CO2 Reduction on Transition Metal (Fe, Co, Ni, and Cu) Surfaces: In Comparison with Homogeneous Catalysis

Reduction of CO2 to CO on Fe, Co, Ni, and Cu surfaces has been studied using density functional theory (DFT) methods. Three reaction steps were studied: (a) adsorption of CO2 (M + CO2 = CO2/M) (M = transition metal surface), (b) decomposition of CO2 (CO2/M = (CO + O)/M), and (c) desorption of CO ((CO + O)/M = O/M + CO). Binding energies and reaction energies were calculated using the generalized gradient approximation (GGA) via the Perdew-Burke-Emzerhof (PBE) functional. Calculations show an interesting trend for reaction energies and total reaction barriers, as a function of metal: from Fe to Cu, reactions tend to be less exergonic; the metals earlier in the 3d series have lower total barriers for CO2 reduction.

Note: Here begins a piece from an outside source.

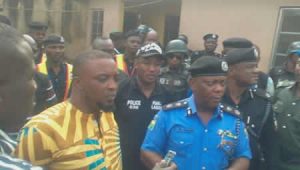 “ Speaking while parading Adebayo before newsmen at the shrine , the State’ s Commissioner of Police , Mr. Imohimi Edgal , said the head of the group was arrested on water during an attempt to escape.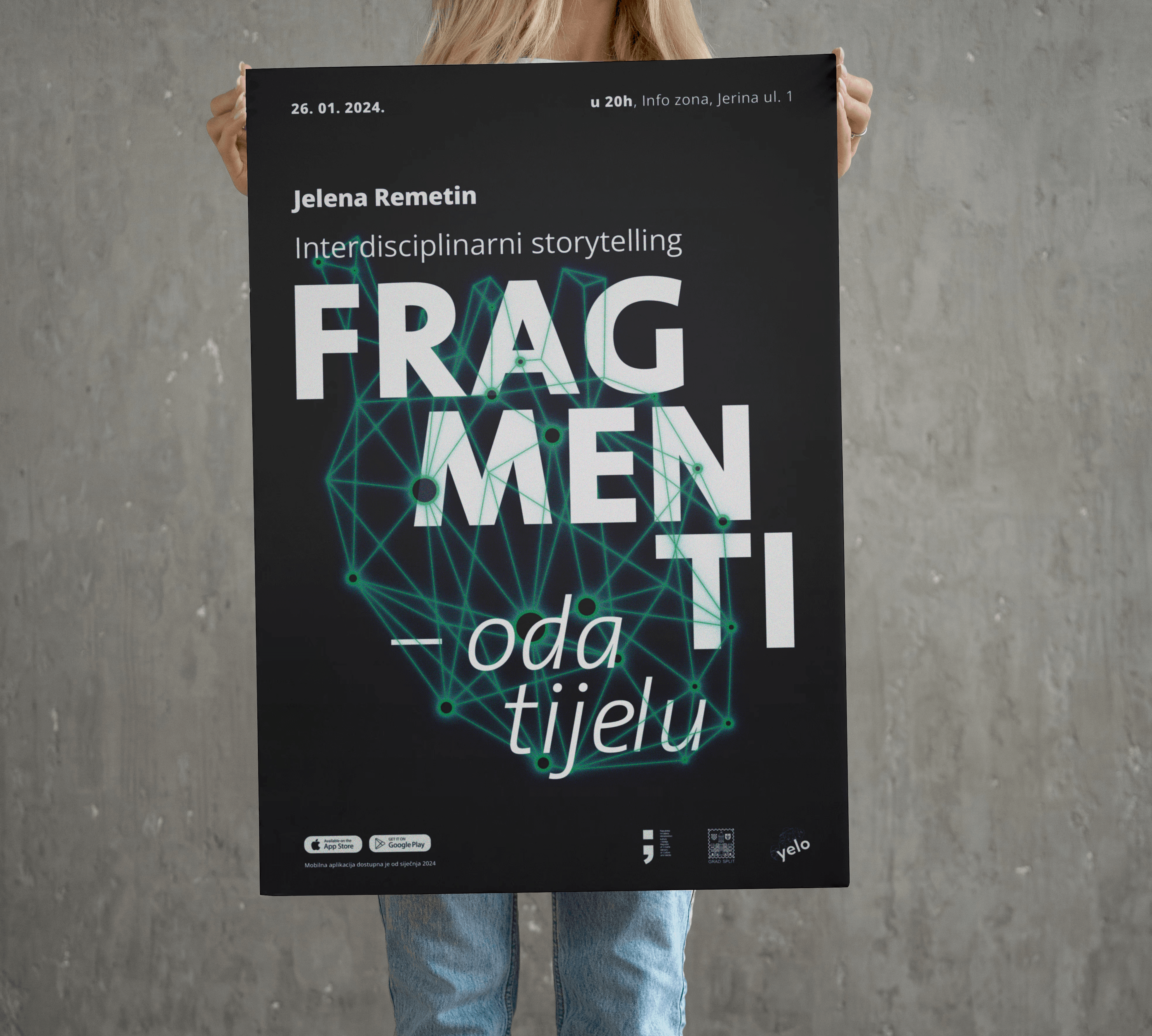 Fragments – Ode to the Body is a multidisciplinary art project by Jelena Remetin that explores themes of violence, healing, and the human body. Through a blend of movement, sound, scenography, and virtual tools, this is and immersive experience where the body becomes both the subject and the medium. Design and audio production carefully merge visual and sonic elements into a cohesive sensory experience.

However, "overbinding" of CO2 on Fe causes a thermodynamic sink on the reaction coordinate, and Co and Ni are more favorable in terms of a smaller fluctuation in reaction energies/barriers for these elementary catalytic steps. A Bronsted-Evans-Polanyi (BEP) relationship was analyzed for C-O bond scission of CO2 on the metal surfaces. Heterogeneous catalysis is also compared with the homogeneous models using transition metal beta-diketiminato complexes, showing that both heterogeneous and homogeneous catalysis of CO2 reduction display the same energetic trend as a function of metal.